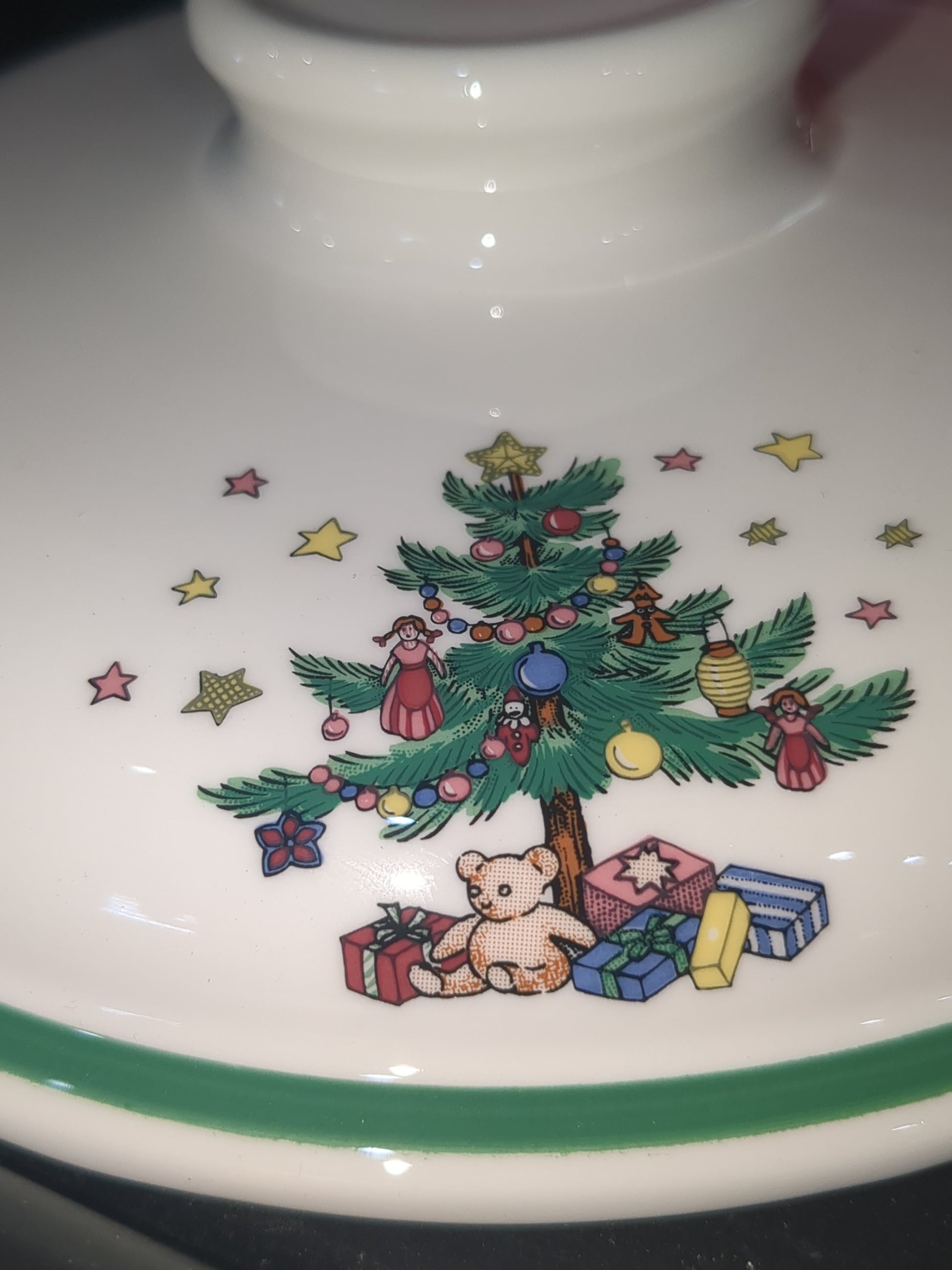 Nikko Happy Holidays Christmastime 1 1/2 qt Casserole replacement lid. The casserole dish broke but the lid did not so I'm selling the replacement lid it does have its original box and lid but it does not have the casserole dish. Please see photos as they a part of the description.
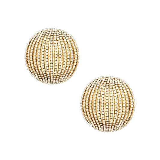 Stud Domed Gold Striped Shimmer Polished Earrings
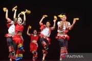 Artists from Yunnan Province, China, perform typical Chinese dancesin Nusa Dua, Badung, Bali, Sunday (January 19, 2025). The event, which displays various Chinese and Indonesian arts and culture performances, is held to welcome the Lunar New Year as well as a form of cultural acculturation between the two nations. ANTARA FOTO/Fikri Yusuf/Spt/Y012
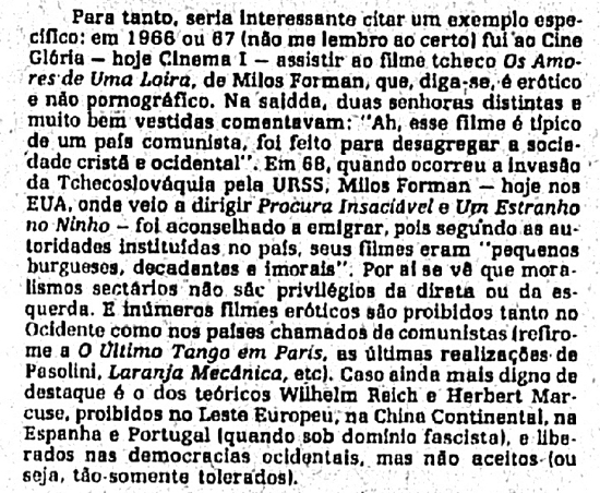 Francisco Teixeira Rienzi, na Tribuna do Leitor: moral e cartazes. Lembrando filme Os Amores de Uma Loira, de Milos Forman, assistido no Glória em 1966 ou 1967
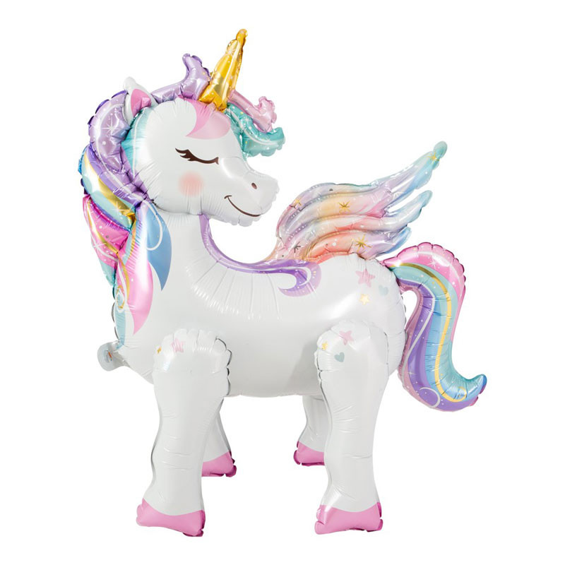Den här stora enhörningsballongen med måtten 68 x 57 cm är perfekt för att dekorera enhörningskalaset. Fyll den med luft eller helium för att få den att sväva!

◇ ◇ ◇ ◇ ◇

WHAT TO PRODUCE:
All of the records must come back exactly as they stand, minus every picture.

EXERCISE OUTPUT:
 Nikko Happy Holidays Christmastime 1 1/2 qt Casserole replacement lid. The casserole dish broke but the lid did not so I'm selling the replacement lid it does have its original box and lid but it does not have the casserole dish. Please see photos as they a part of the description.
 Stud Domed Gold Striped Shimmer Polished Earrings
 Artists from Yunnan Province, China, perform typical Chinese dancesin Nusa Dua, Badung, Bali, Sunday (January 19, 2025). The event, which displays various Chinese and Indonesian arts and culture performances, is held to welcome the Lunar New Year as well as a form of cultural acculturation between the two nations. ANTARA FOTO/Fikri Yusuf/Spt/Y012
 Francisco Teixeira Rienzi, na Tribuna do Leitor: moral e cartazes. Lembrando filme Os Amores de Uma Loira, de Milos Forman, assistido no Glória em 1966 ou 1967
Den här stora enhörningsballongen med måtten 68 x 57 cm är perfekt för att dekorera enhörningskalaset. Fyll den med luft eller helium för att få den att sväva!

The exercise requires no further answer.